Меня лично судьба хранила от издевательства «урок». Переезд мы совершили более или менее изолированно. Первые полтора года по прибытии в лагерь я была настолько тяжело

 

- 218 -

больна, что вызывала не зависть — эту мать всех пороков нашего времени, а жалость. Когда же я каким-то чудом осталась жива и снова стала работать в больнице, я превратилась в полезное лицо, с которым лучше было не терять дружбы.

Недели не проходило, чтобы к нам не приносили «резаных». Уголовники резали друг друга, но еще чаще самих себя. Делалось это в виде протеста против какого-нибудь действия начальства. Ранения были в большинстве случаев поверхностными, но очень кровавыми. Обыкновенно лезвием бритвы рассекалась брюшная стенка слева, апоневроз оставался цел. «Самореза» несли товарищи на носилках, сзади шел комендант и пострадавший при каждом движении стереотипно кричал: «Ах, мама родная!» Операционная сестра Дебален деловито принималась за наложение швов, я же давала «рауш» или сочувственно держала самореза за руку, рассматривая раскрывавшиеся перед моим взором наколки с сентиментальными надписями. Чаще всего встречалось сердце, пронзенное стрелами, похожими на дренажные трубки. Вокруг сердца шла надпись: «Не трожь его!»

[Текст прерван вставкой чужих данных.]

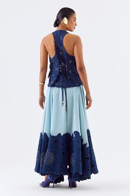 An indigo racer back jacket crafted from silk chanderi, featuring blossom cutwork with a lace-up back closure and white bead embellishments. Paired with an ice blue full-length skirt with a wide indigo cutwork border adorned with white bead embellishments.
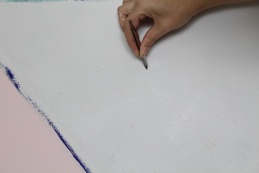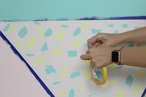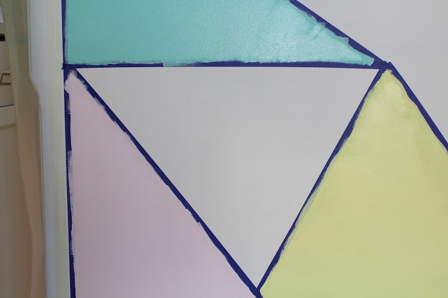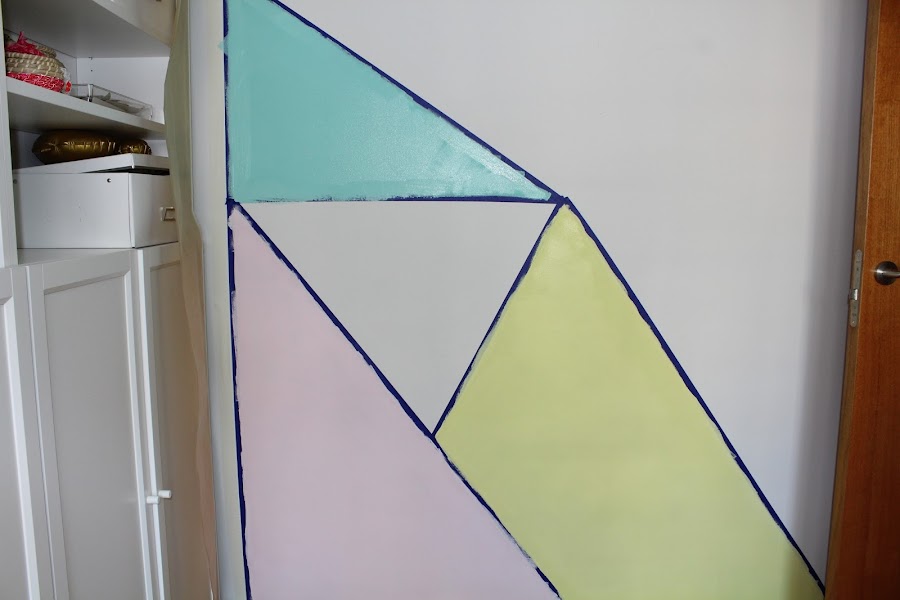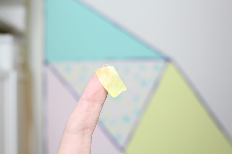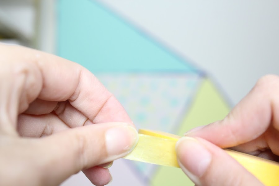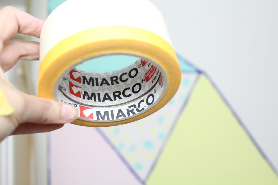 2 Paso: Con cinta Washi crearemos las diferentes formas geométricas, de ese modo podemos pintar cada forma de un color.

У хирургического отделения были свои адепты из преступного мира. Среди преданных нам людей была Надя Муравьева, женщина лет 35 с правильным, умным, поблекшим лицом, тонкими губами и косами, венком заложенными вокруг головы. Муравьева была крупной воровкой-рецидивисткой. К больнице она благоволила, и когда Елена Михайловна Андреева, о которой я рассказывала во втором очерке, попала ей в руки на Шудогском участке, мстя за козни против доктора Сахарова, Надя устроила ей «то житье». Все вещи из магазина Софьи Лапидус были украдены, а спесь несчастной Елены Михайловны сбивалась планомерными издевательствами. Конец Нади Муравьевой был трагичен. В 1943 году она и ее «лагерный муж» — тихий, маленький человечек Вася были актированы как туберкулезники. Они собирались предаться тихому счастью где-то около Сыктывкара, но, как поется в «блатной песне», «люди завидовать стали, разбили семейный покой». Перед выходом на вахту Васе было сообщено, что Надя изменила ему с монтером Сережей. Помню, как Надя в испуге пряталась по баракам, и я удивлялась, что ревность тихого Васи может вызвать такой ужас. Вася, однако, успокоил ее, сказал, что все прощает, и провел ее через вахту в широкий, вольный мир. Через несколько дней пришло известие, что, заведя Надю в лес, тихий Вася намотал ее косы на руку и отрубил ей голову.

 

- 219 -

В том, что уголовники совершают уголовные деяния, в конце концов нет ничего странного. Меня всегда гораздо более поражала та легкость, с которой они после совершения самых варварских поступков переключаются на слащаво-сентиментальный тон. Преступный мир глубоко воспринял пошлую лирику мещанства и крепко за нее держится. «Блатные» песни и «блатные» излияния преисполнены избитых образов: тут и «одинокая могилка», и «старушка-мать», и «возлюбленная пара». Одно время во всех бараках звенела песня:

 

В стороне у Охотского моря,

Где кончается Дальний Восток,

Я живу без нужды и без горя,

Строю новый стране городок.

Скоро кончится срок приговора,

Я со сроком своим развяжусь

И на поезде в «мягком» вагоне

Я к тебе, моя крошка, вернусь.

Воровать «завяжу» я на время,

Чтоб с тобой, моя детка, пожить,

Любоваться твоей красотою

И колымскую жизнь позабыть.

 

Первый куплет, несомненно, вышел из недр какой-нибудь КВЧ (культурно-воспитательной части), дальше же пошло коллективное творчество. Песня, потеряв всякий логический смысл (положение первого куплета опровергается положением третьего куплета) и украсившись разными «крошками» и «детками», прочно вошла в быт.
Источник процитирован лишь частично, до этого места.